FWIW, in our data repository implementations, some collections use Atom
tombstones [1,2], and some don't. For collections that use tombstones, a DELETE
request will return a 200 with an at:deleted-entry as the response body. For
collections that do not use tombstones, a DELETE request will return 204.
So I believe it is reasonable to return some content in response to a DELETE
request. Whether you should or not will depend on what the client needs.
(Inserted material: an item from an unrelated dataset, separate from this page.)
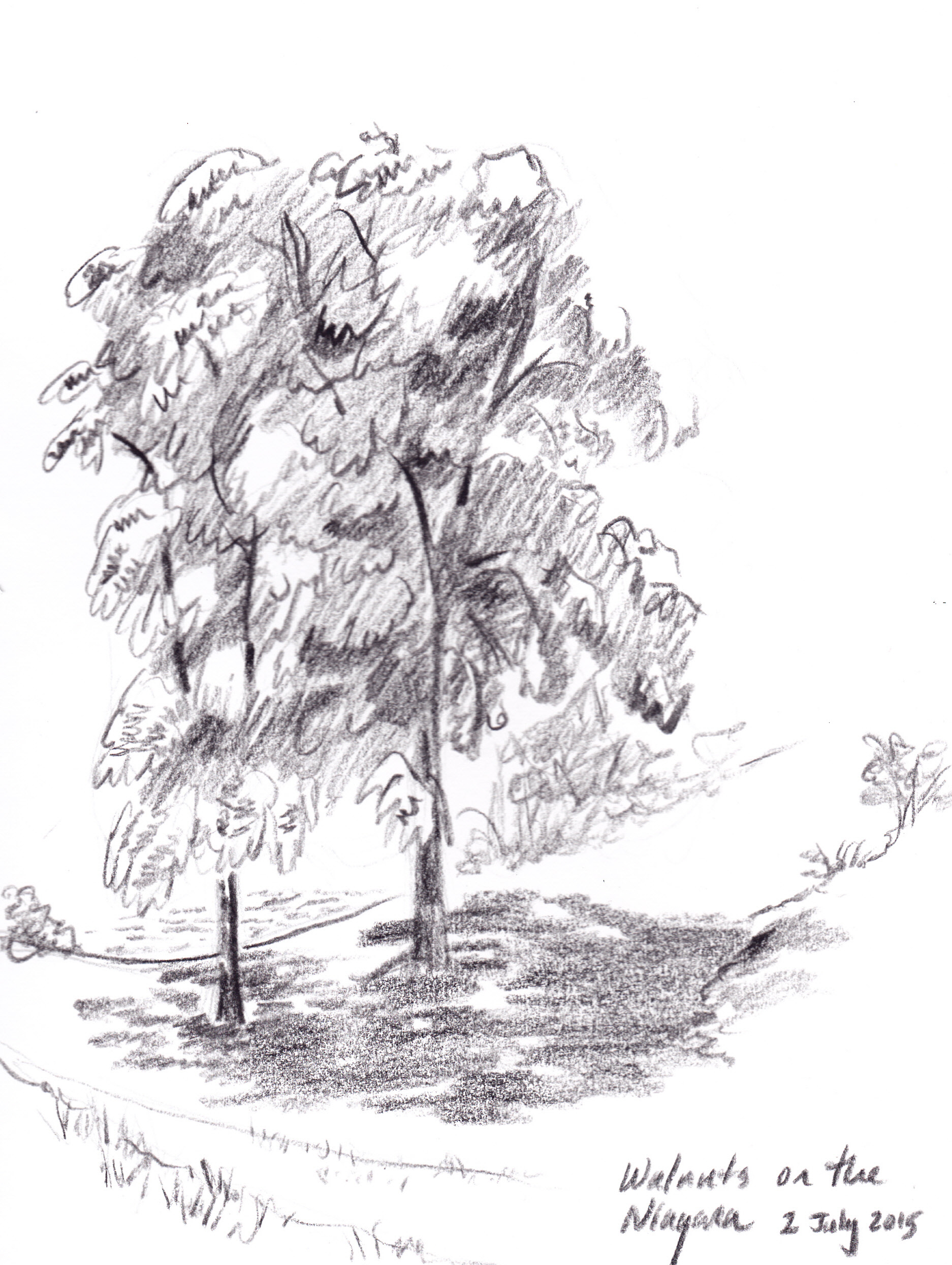 Last week, I spent some time along the Niagara River. I saw the Falls again (I live only three hours away), and they are still thrilling. But what I noticed more than ever before were the beautiful trees on my walks around, especially the abundance of lovely walnut trees. They are stately like oaks, yet softened by their long slender leaf stalks drooping like willows, the leaflets fluttering in the breeze.

I
remember seeing some ideas around clients being able to express a preference
for 204 or 200 in response to DELETE, but I don't know if that went anywhere.
Cheers,
Alistair
[1] http://tools.ietf.org/html/draft-snell-atompub-tombstones-12
[2] http://code.google.com/p/atombeat/wiki/TombstonesDesign - ignore the stuff
about ghosts, that's probably going to change
The client knows the edit-URI as as you say in your video Richard, if you
do a get on the
Edit-URI you can get the receipt again. This is too overblown here.
It's strictly optional as per the document. If you don't want to return
a receipt in your implementation, then don't.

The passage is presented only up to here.